On May 10, 2002, we approved rule changes filed by the NYSE and NASD governing analyst conflicts of interest. On December 31, 2002, we noticed for comment a second set of proposed rules filed by the NYSE and NASD to further address research analyst conflicts of interest. These self-regulatory organization rules are part of an ongoing process on our part and that of the NYSE and NASD to address conflicts of interest affecting the integrity and objectivity of research by securities firms. Regulation AC is intended to complement other rules governing conflicts of interest disclosure by research analysts, including NYSE Rule 472, NASD Rule 2711, and the anti-fraud provisions of the federal securities law.

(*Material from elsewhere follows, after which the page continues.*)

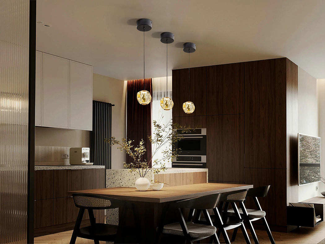 Candeeiro de 1 luz realizado em metal com acabamento preto mate, com detalhes em bronze e abajur de acrílico âmbar.

On July 30, 2002, President Bush signed into law the Sarbanes-Oxley Act of 2002 (“SOA”). Section 501 of the SOA requires that rules governing analyst conflicts be adopted within a year of enactment, including rules: limiting the supervision and compensatory evaluation of securities analysts; defining periods in which brokers or dealers engaged in a public offering of a security as underwriter or dealer may not publish research on such security; and requiring securities analysts and brokers or dealers to disclose specified conflicts of interest. The Commission voted to propose Regulation AC on July 24, 2002, before the passage of the SOA. 7 In the Proposing Release, the Commission noted that it would abide by the directives of the SOA as it continues to address analyst conflicts of interest issues, including with respect to the possible adoption of Regulation AC.”
The violations indicate that there are still serious problems with the sell-side analyst research model as far as living within the rules of Reg AC. Additionally, the fact that Morgan Stanley brought the violations to the attention of the SEC, indicates that the SEC continues to have difficulty imposing the rules on its books. And finally, the fact that there were 6,836 deficient disclosures means one breach of Reg AC only costs about $117. Economically, it seems to be a lot cheaper to pay the fine than to fix the problem.